- [Work order]: Nothing in the listing should be altered when it is copied, and no picture goes into the copy.

- [Collected material]:
BEGIN
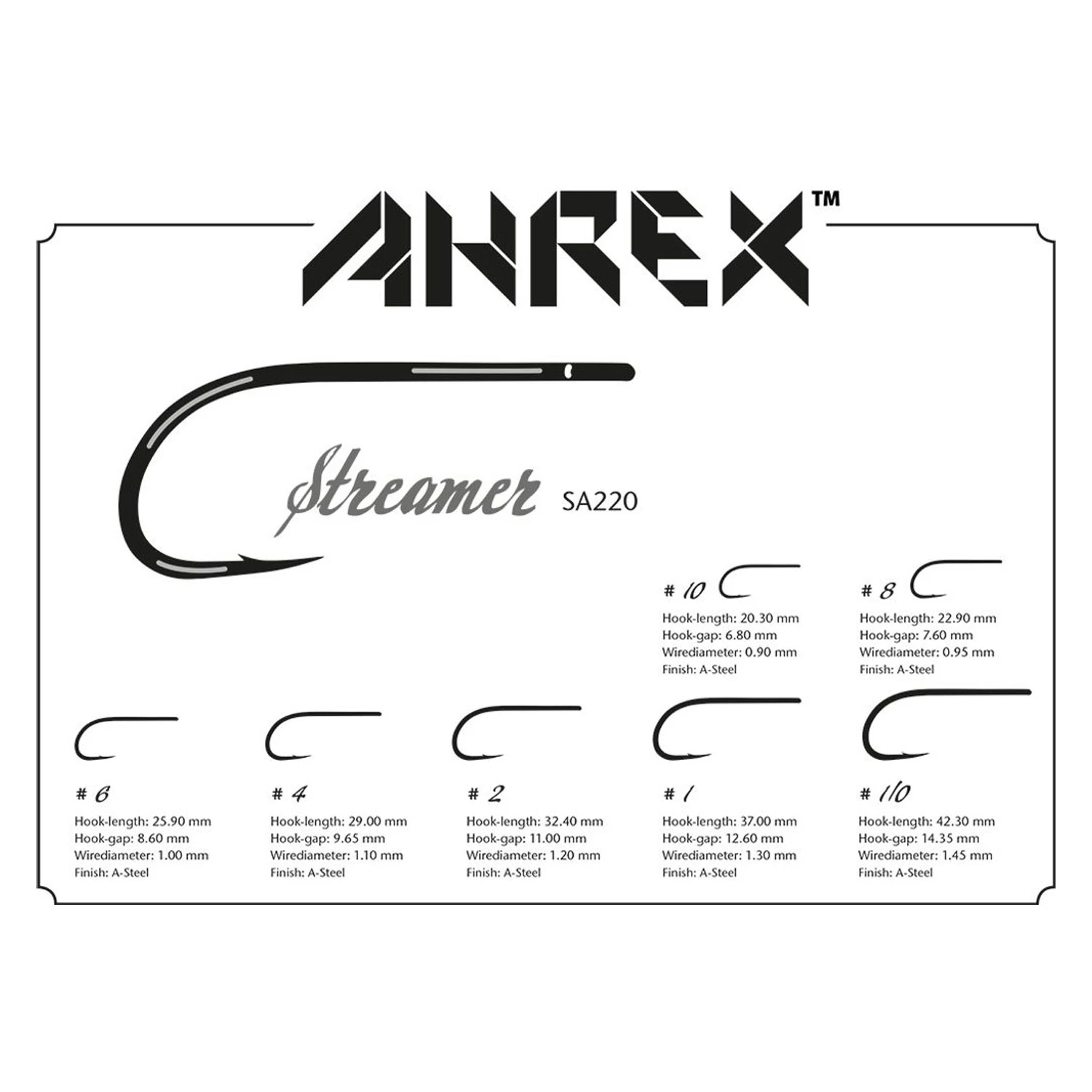 Ahrex SA220 SA Streamer. Een rechte schacht, recht oog streamer haak.
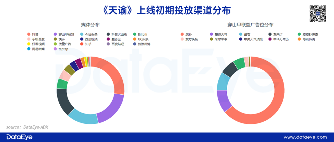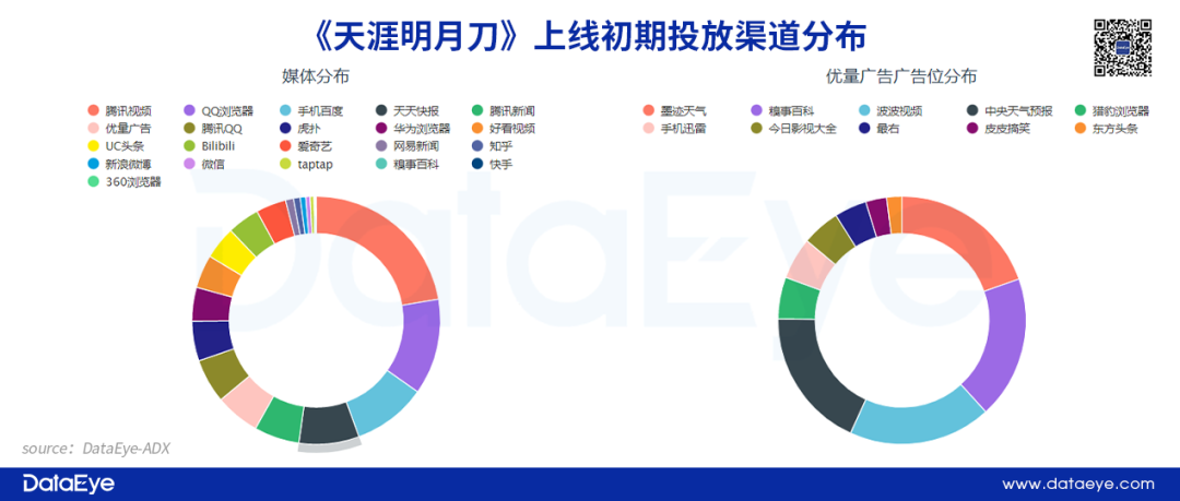 相比之下,无论是腾讯的《天刀》还是网易的《天谕》,在产品上线初期,投放渠道出现明显的侧重,例如网易《天谕》以字节系渠道为主,投放占比接近75%。《天刀》虽然以腾讯系为主要投放渠道,但投放分布相对均匀。
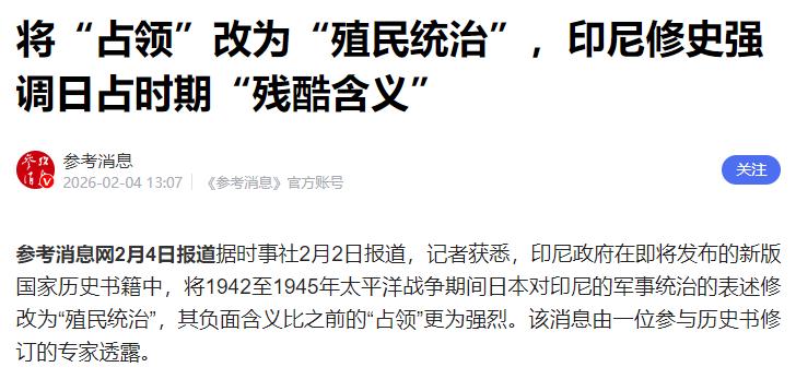 最近,日本媒体报道,印尼将历史书中日本在二战时期对印尼的侵略进行了重新表述,从原来的“军事占领”改为“殖民统治”,印尼此举有何用意? 这次修改绝非临时起意、草率为之,印尼政府专门组建了一支由120多名专家组成的团队,专门负责修订国家历史书,原本计划在去年8月印尼独立80周年之际完成,就是为了给国家独立纪念日一份庄重的献礼。 可因为要反复核对史实、严谨打磨内容,生怕有半点疏漏,才推迟到了这个月才最终完成,这份细致与坚定,着实令人敬佩。 最让人感慨的是,在之前的印尼历史书中,荷兰殖民印尼300多年,被明确称为“殖民统治”,可日本在二战期间统治印尼三年半,却一直被叫做“军事占领”。 同样是外国入侵,同样是压迫民众、掠夺资源,同样是让印尼百姓陷入水深火热,两种截然不同的表述,显得格外刺眼,也让日本当年的罪行被悄悄模糊了几十年。 如今印尼终于下定决心修改,就是要分清是非、厘清界限,让这段被歪曲的历史泾渭分明,再也不给任何人曲解、洗白的空间。 说到这里,就不得不提一个极具反差的事实:当年日本入侵印尼时,还打着“大东亚共荣圈”的旗号,谎称自己是来“解放”印尼、帮他们摆脱荷兰殖民的,不少印尼民众一开始还被这种谎言蒙蔽,对日军抱有期待。 可现实却狠狠打了所有人的脸,日军占领印尼后,根本没有给当地民众带来任何“解放”,反而变本加厉地实施压迫——疯狂掠夺印尼的石油、橡胶等战略资源,强征几十万印尼人当苦工,让他们在矿场、工地里干最苦最累的活,吃连牲口都不如的食物,很多人最终活活累死、饿死,再也没能回到家人身边。 更令人愤慨的是,日军还强制印尼人学日语、敬天皇,试图摧毁当地的本土文化,这和荷兰当年的殖民统治,没有半点区别,所谓的“解放者”,不过是日本掩盖侵略野心的遮羞布,其狼子野心昭然若揭。 印尼之所以要把“军事占领”改成“殖民统治”,最核心的用意,就是要还原历史的本来面目。 “军事占领”这个词,本身就有模糊不清的地方,容易被人曲解成“战争期间的临时占据”,仿佛日本当年只是路过,没有长期殖民、掠夺的意图;可“殖民统治”四个字,就把话说得明明白白,直接定性日本当年的行为,就是和荷兰一样的殖民压迫,就是赤裸裸的侵略,没有任何辩解的余地。 负责修订的专家也明确表示,不管统治者是西方人还是亚洲人,印尼民众遭受征服、胁迫和暴力的经历,本质上没有任何不同,用“殖民统治”,才能准确反映那段真实的苦难历史。 这一举动,也和印尼总统普拉博沃的历史观高度契合。这位总统长期以来,就对历史上的外国殖民统治持坚决的批评态度,他反复强调,印尼的独立不是别人施舍的,不是任何国家的“善意”赐予的,而是印尼人民自己长期斗争、流血牺牲换来的。 这次修改历史表述,就是要让所有印尼人,尤其是年轻人,记住这段苦难,明白独立的来之不易,凝聚起民族共识,坚定守护国家主权和民族尊严,不再被“日本曾帮助印尼独立”这样的谎言误导。 更有意思的是,日本得知印尼要修改历史书后,彻底慌了,悄悄动了不少歪心思,一边承诺给印尼提供几十亿美元的高铁贷款,一边还想给印尼教育部派“历史顾问”,说白了就是想阻挠修订工作,让印尼继续模糊这段历史,帮自己洗白罪行。 可这次印尼态度十分强硬,直接拒绝了日本的所有要求,丝毫没有妥协,这份硬气,打破了日本这些年在东南亚的伪装。 这些年,日本一直在东南亚花钱公关,试图美化自己的侵略历史,甚至拍动画、改词条,谎称自己当年是“结束西方殖民、建立新秩序”,可印尼的这次修改,就像一记重拳,撕碎了日本的遮羞布。 如今,印尼的举动已经带动了周边国家,菲律宾已经启动了历史教材修订审查,马来西亚教育部也在开会讨论,准备跟着印尼的脚步,纠正教材里关于日本的错误描述。 这也告诉我们,历史真相从来都不会被永远掩盖,哪怕过去几十年,哪怕有人刻意歪曲,总有国家会站出来,坚守正义、还原真相。
END
- [Answer section]:
 Ahrex SA220 SA Streamer. Een rechte schacht, recht oog streamer haak.
 相比之下,无论是腾讯的《天刀》还是网易的《天谕》,在产品上线初期,投放渠道出现明显的侧重,例如网易《天谕》以字节系渠道为主,投放占比接近75%。《天刀》虽然以腾讯系为主要投放渠道,但投放分布相对均匀。
 最近,日本媒体报道,印尼将历史书中日本在二战时期对印尼的侵略进行了重新表述,从原来的“军事占领”改为“殖民统治”,印尼此举有何用意? 这次修改绝非临时起意、草率为之,印尼政府专门组建了一支由120多名专家组成的团队,专门负责修订国家历史书,原本计划在去年8月印尼独立80周年之际完成,就是为了给国家独立纪念日一份庄重的献礼。 可因为要反复核对史实、严谨打磨内容,生怕有半点疏漏,才推迟到了这个月才最终完成,这份细致与坚定,着实令人敬佩。 最让人感慨的是,在之前的印尼历史书中,荷兰殖民印尼300多年,被明确称为“殖民统治”,可日本在二战期间统治印尼三年半,却一直被叫做“军事占领”。 同样是外国入侵,同样是压迫民众、掠夺资源,同样是让印尼百姓陷入水深火热,两种截然不同的表述,显得格外刺眼,也让日本当年的罪行被悄悄模糊了几十年。 如今印尼终于下定决心修改,就是要分清是非、厘清界限,让这段被歪曲的历史泾渭分明,再也不给任何人曲解、洗白的空间。 说到这里,就不得不提一个极具反差的事实:当年日本入侵印尼时,还打着“大东亚共荣圈”的旗号,谎称自己是来“解放”印尼、帮他们摆脱荷兰殖民的,不少印尼民众一开始还被这种谎言蒙蔽,对日军抱有期待。 可现实却狠狠打了所有人的脸,日军占领印尼后,根本没有给当地民众带来任何“解放”,反而变本加厉地实施压迫——疯狂掠夺印尼的石油、橡胶等战略资源,强征几十万印尼人当苦工,让他们在矿场、工地里干最苦最累的活,吃连牲口都不如的食物,很多人最终活活累死、饿死,再也没能回到家人身边。 更令人愤慨的是,日军还强制印尼人学日语、敬天皇,试图摧毁当地的本土文化,这和荷兰当年的殖民统治,没有半点区别,所谓的“解放者”,不过是日本掩盖侵略野心的遮羞布,其狼子野心昭然若揭。 印尼之所以要把“军事占领”改成“殖民统治”,最核心的用意,就是要还原历史的本来面目。 “军事占领”这个词,本身就有模糊不清的地方,容易被人曲解成“战争期间的临时占据”,仿佛日本当年只是路过,没有长期殖民、掠夺的意图;可“殖民统治”四个字,就把话说得明明白白,直接定性日本当年的行为,就是和荷兰一样的殖民压迫,就是赤裸裸的侵略,没有任何辩解的余地。 负责修订的专家也明确表示,不管统治者是西方人还是亚洲人,印尼民众遭受征服、胁迫和暴力的经历,本质上没有任何不同,用“殖民统治”,才能准确反映那段真实的苦难历史。 这一举动,也和印尼总统普拉博沃的历史观高度契合。这位总统长期以来,就对历史上的外国殖民统治持坚决的批评态度,他反复强调,印尼的独立不是别人施舍的,不是任何国家的“善意”赐予的,而是印尼人民自己长期斗争、流血牺牲换来的。 这次修改历史表述,就是要让所有印尼人,尤其是年轻人,记住这段苦难,明白独立的来之不易,凝聚起民族共识,坚定守护国家主权和民族尊严,不再被“日本曾帮助印尼独立”这样的谎言误导。 更有意思的是,日本得知印尼要修改历史书后,彻底慌了,悄悄动了不少歪心思,一边承诺给印尼提供几十亿美元的高铁贷款,一边还想给印尼教育部派“历史顾问”,说白了就是想阻挠修订工作,让印尼继续模糊这段历史,帮自己洗白罪行。 可这次印尼态度十分强硬,直接拒绝了日本的所有要求,丝毫没有妥协,这份硬气,打破了日本这些年在东南亚的伪装。 这些年,日本一直在东南亚花钱公关,试图美化自己的侵略历史,甚至拍动画、改词条,谎称自己当年是“结束西方殖民、建立新秩序”,可印尼的这次修改,就像一记重拳,撕碎了日本的遮羞布。 如今,印尼的举动已经带动了周边国家,菲律宾已经启动了历史教材修订审查,马来西亚教育部也在开会讨论,准备跟着印尼的脚步,纠正教材里关于日本的错误描述。 这也告诉我们,历史真相从来都不会被永远掩盖,哪怕过去几十年,哪怕有人刻意歪曲,总有国家会站出来,坚守正义、还原真相。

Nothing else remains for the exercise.